During the July coup the Yeste Guardia Civil sided with the rebels and detained local authorities in the castle, but the place was soon seized by the loyalists. During civil war and early Francoism Yeste recorded an extraordinarily high rate of repression, both by the Republicans and Nationalists, compared to the neighbouring municipios; a contemporary historian tends to view it as related to the May 1936 episode. Reportedly some time early after the war a commemorative cross has been erected at the curve where the fatal confrontation occurred; according to one source it recorded the Guardia Civil victim “murdered by the Red mob”, but another source suggests it was rather an unrelated stone cross, which recorded 5 “caballeros españoles” killed by “canalla roja”. In 1963 Juan Goytisolo visited Yeste and intended to interview people, but he encountered the wall of silence; the locals spoke in murmurs and evaded the questions. He later incorporated this experience into his novel, partially revolving around the 1936 incident, published in Mexico and titled Seños de identidad (1966). As late as in 1981 one resident feared that the government might deprive him of his pension in case he speaks out.
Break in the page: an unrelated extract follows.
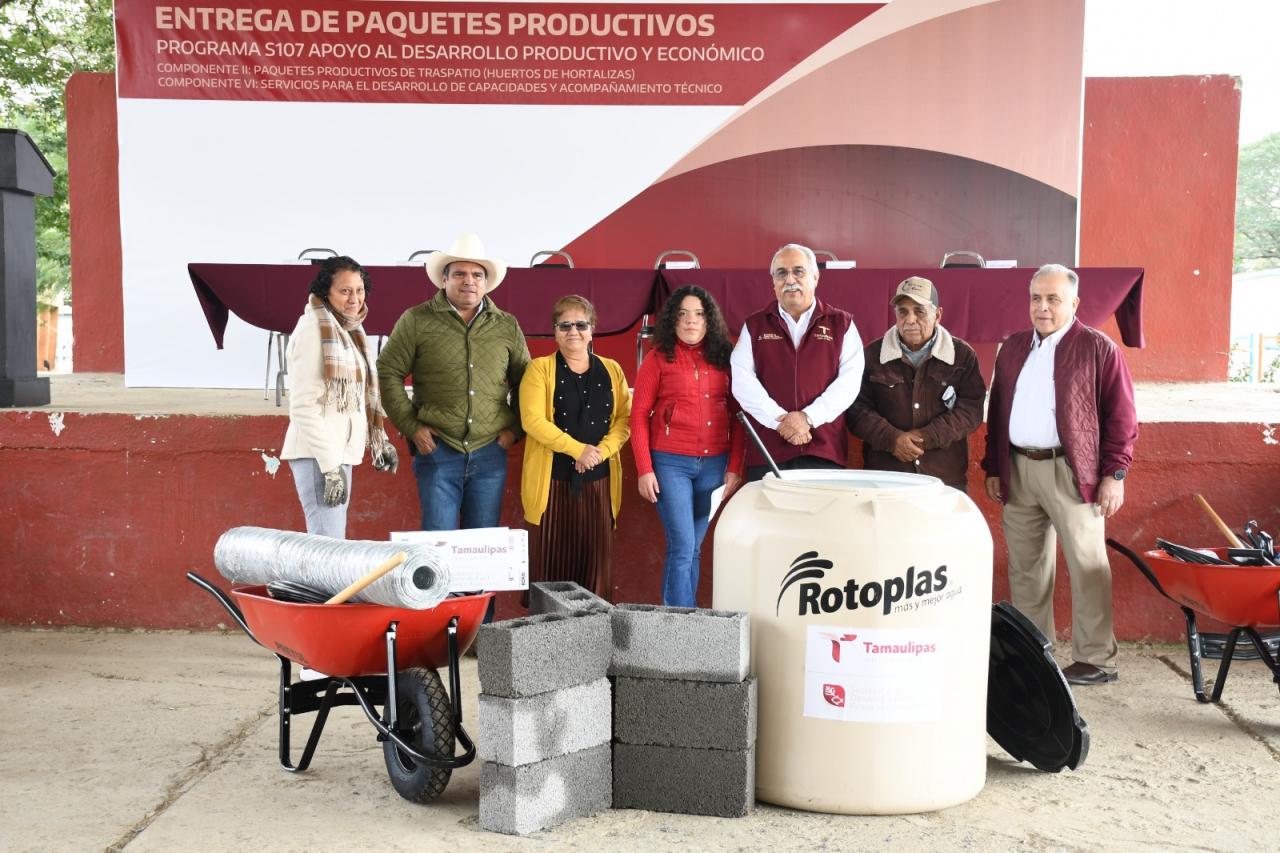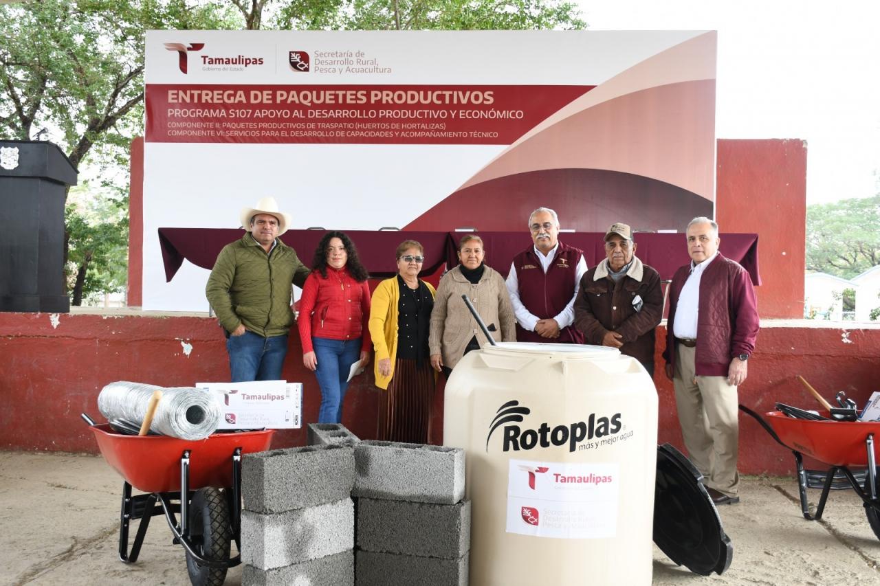 Ciudad Victoria, Tamaulipas. – Como una alternativa de promover la autosuficiencia alimentaria, mejorar la nutrición de las familias rurales mediante la obtención de alimentos frescos y nutritivos, la Secretaría de Desarrollo Rural, Pesca y Acuacultura a través del Programa de Apoyo al Desarrollo Productivo y Económico, dispersó un total de mil 480 paquetes productivos de traspatio en ocho municipios de Tamaulipas.
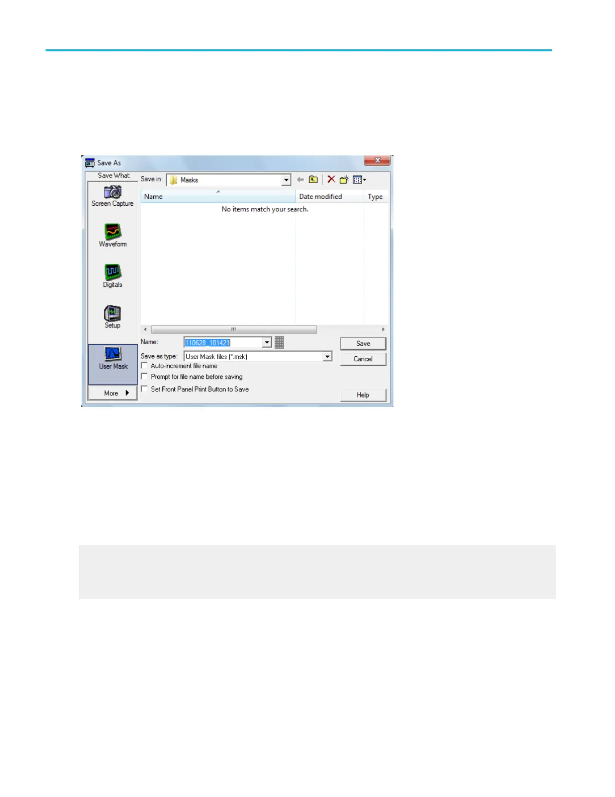 Overview. Use this dialog box to save user masks. Masks are saved in C:\Users\[Username]\Tektronix

Currently there is no commemorative cross, stone or plaque referring to the May 1936 carnage, either on the road, in Yeste, in La Graya or elsewhere. There are no commemorative events organised on May 29 either by local authorities or independent organisations. The Yeste tourist office, part of the local town hall, does not mention the episode, though on some tourist sites focused on history the massacre is highlighted as the one which “provoked the Civil War”. Militant left-wing sites clearly and with no reservations present the episode as unprovoked slaughter by repressive police forces in service of bourgeoisie and capital, and some evoke the civil war logic by claiming that the conflict began precisely in Yeste. The Fuensanta dam and the reservoir are still operational and though in recent years the Spanish authorities have demolished over 100 dams during a campaign to restore natural water regime, so far there is no indication that Fuensanta is to be removed as well.